After a five-year legal battle with the SEC, XRP takes a significant step forward.

A significant step forward, including joining an organized trading ETF in the United States. Recent developments represent a critical turning point for both Ripple and the digital asset.

End of 5 years of struggle with the SEC

Last month, Ripple confirmed its withdrawal of its mutual appeal in the SEC case. The legal dispute, which began in 2020, focuses on whether XRP was offered as unregistered securities. The recent withdrawal confirms the end of one of the most prominent cryptocurrency cases in the United States.

Related topics: SEC vs. Ripple: How is this settlement process progressing?

Brad Garlinghouse, the CEO of Ripple, shared on social media that the company is now focusing on what matters most, which includes building the Internet of Value.

In his commentary on the latest ruling by Judge Torres, Stuart Alderoty, Chief Legal Officer, confirmed that the legal status of XRP remains unchanged. Notably, XRP received regulatory clarification from the court in 2023, and the SEC did not challenge this ruling.

XRP joins an organized spot trading exchange fund

While legal proceedings are slow, XRP is making progress on another front. On July 1, the SEC approved the application to convert its large-cap digital asset fund (GDLC) into a spot trading ETF. The fund holds Bitcoin (80.4%), Ethereum (11.15%), XRP (4.8%), Solana, and Cardano.
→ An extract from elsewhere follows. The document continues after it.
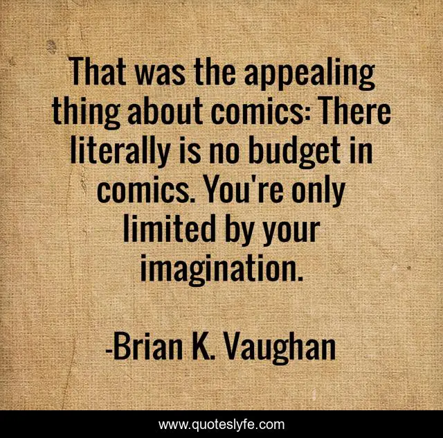 This page presents the quote "That was the appealing thing about comics: There literally is no budget in comics. You're only limited by your imagination.". Author of this quote is Brian K. Vaughan. This quote is about comics, budget,.

The ETF is now listed on the NYSE Arca and manages assets worth nearly $755 million. This is the first time XRP has been directly listed in an organized spot trading ETF, representing a significant achievement for this asset and broader acceptance in institutional finance.

Price action shows limited reaction

Despite positive legal and institutional developments, market reaction to XRP remains limited. The currency briefly rose to $2.30 following Ripple's withdrawal from the appeal, but quickly retraced to trade near $2.22.

Technical indicators show XRP trading within a symmetrical triangle pattern for several months. Major resistance remains between $2.30 and $2.35, an area that has caused repeated rejections. XRP needs to break through the resistance area between $2.26 and $2.28 to push towards $2.34 or $2.40. Closing below $2.20 could lead to declines towards $2.06 or lower.

What is the future of XRP?

While Ripple's lawsuit against the U.S. Securities and Exchange Commission (SEC) is nearing its conclusion, the future of XRP may depend more on market structure and institutional adoption than legal outcomes. The SEC is currently reviewing nearly 10 spot ETF applications for XRP from major companies like Grayscale and Franklin Templeton.

Related: Ripple's legal exit triggers a sharp rise in XRP's price, but will it maintain its gains?

Given that XRP is in the newly approved GDLC ETF, analysts believe that the approval of the independent XRP ETF is a matter of time. The SEC's deadline for approval is the fourth quarter of October 2025.